# InvestigatorAI: Comprehensive RAGAS Evaluation Framework

## 🎯 Objective
This notebook implements comprehensive evaluation of our InvestigatorAI fraud investigation system using RAGAS with both RAG and Agent evaluation metrics:

### 📊 RAG Evaluation Metrics:
- **Faithfulness**: Response grounding in retrieved contexts
- **Answer Relevancy**: Response relevance to questions  
- **Context Precision**: Relevance of retrieved contexts
- **Context Recall**: Completeness of retrieved information

### 🤖 Agent Evaluation Metrics:
- **Tool Call Accuracy**: Correct tool usage and parameters
- **Agent Goal Accuracy**: Achievement of user's stated goals
- **Topic Adherence**: Staying on-topic for fraud investigation

### 📈 Integration:
- **LangSmith**: Capturing evaluation results and conversation traces
- **Real Data**: Using official FinCEN/FFIEC/FDIC regulatory documents
- **Multi-Agent System**: Evaluating our complete fraud investigation workflow

---

*Following AI Makerspace evaluation patterns with Task 5 certification requirements*


## 📦 Dependencies and Setup


In [None]:
# Core dependencies for RAGAS evaluation
import os
import sys
import asyncio
from getpass import getpass
from datetime import datetime
from typing import List, Dict, Any
import pandas as pd
import json

from ragas.llms import LangchainLLMWrapper
from ragas.embeddings import LangchainEmbeddingsWrapper
from ragas.testset import TestsetGenerator
from langchain_openai import ChatOpenAI
from langchain_openai import OpenAIEmbeddings

from langchain_community.document_loaders import DirectoryLoader
from langchain_community.document_loaders import PyMuPDFLoader

## 🔑 API Keys Configuration


In [3]:
# Configure API keys for evaluation
print("🔐 Setting up API keys for evaluation...")

# OpenAI API Key (required for LLM and embeddings)
if not os.getenv("OPENAI_API_KEY"):
    os.environ["OPENAI_API_KEY"] = getpass("Enter your OpenAI API key: ")
    
# LangSmith API Key (for evaluation tracking)
if not os.getenv("LANGSMITH_API_KEY"):
    os.environ["LANGSMITH_API_KEY"] = getpass("Enter your LangSmith API key: ")

# External API keys (if not already set)
external_apis = [
    "TAVILY_SEARCH_API_KEY",
    "ALPHA_VANTAGE_API_KEY"
]

for api_key in external_apis:
    if not os.getenv(api_key):
        response = input(f"Enter {api_key} (or press Enter to skip): ")
        if response.strip():
            os.environ[api_key] = response.strip()

print("✅ API keys configured for evaluation!")

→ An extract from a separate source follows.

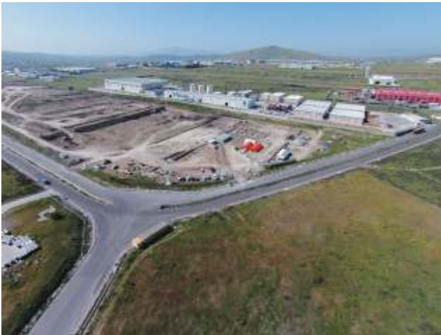
Proje kapsamında yaklaşık 110 bin m 3 olan hafriyat çalışmaları yüzde 80 oranında tamamlanmıştır.

🔐 Setting up API keys for evaluation...
✅ API keys configured for evaluation!


## 🏗️ Load InvestigatorAI Components


In [None]:
# Import existing InvestigatorAI components
print("🔄 Loading InvestigatorAI components for evaluation...")

try:
    # Load core components
    from api.core.config import Settings, get_settings, initialize_llm_components
    from api.services.vector_store import VectorStoreService  
    from api.services.external_apis import ExternalAPIService
    from api.agents.multi_agent_system import FraudInvestigationSystem
    from api.models.schemas import InvestigationRequest
    
    print("✅ Core InvestigatorAI components loaded!")
    
    # Initialize settings and LLM components
    settings = get_settings()
    llm, embeddings = initialize_llm_components(settings)
    
    print("✅ Settings and LLM components initialized!")
    
    # Initialize services with required arguments
    vector_service = VectorStoreService(embeddings=embeddings, settings=settings)
    external_api_service = ExternalAPIService(settings=settings)
    
    # Initialize multi-agent system
    fraud_system = FraudInvestigationSystem(
        llm=llm,
        external_api_service=external_api_service
    )
    
    print("✅ InvestigatorAI system initialized for evaluation!")
    
except ImportError as e:
    print(f"⚠️  Error loading InvestigatorAI components: {e}")
    print("💡 Make sure you're running from the project root directory")
except ValueError as e:
    print(f"⚠️  Configuration error: {e}")
    print("💡 Make sure your API keys are set in environment variables")
    
    # Fallback initialization for RAGAS evaluation only
    print("🔄 Falling back to basic LLM setup for RAGAS evaluation...")
    llm = ChatOpenAI(model="gpt-4o-mini", temperature=0)
    embeddings = OpenAIEmbeddings()
    
except Exception as e:
    print(f"⚠️  Unexpected error: {e}")
    print("🔄 Using fallback LLM configuration...")
    
    # Fallback initialization
    llm = ChatOpenAI(model="gpt-4o-mini", temperature=0)
    embeddings = OpenAIEmbeddings()

# Wrap with RAGAS wrappers for evaluation
generator_llm = LangchainLLMWrapper(ChatOpenAI(model="gpt-4o", temperature=0))
generator_embeddings = LangchainEmbeddingsWrapper(embeddings)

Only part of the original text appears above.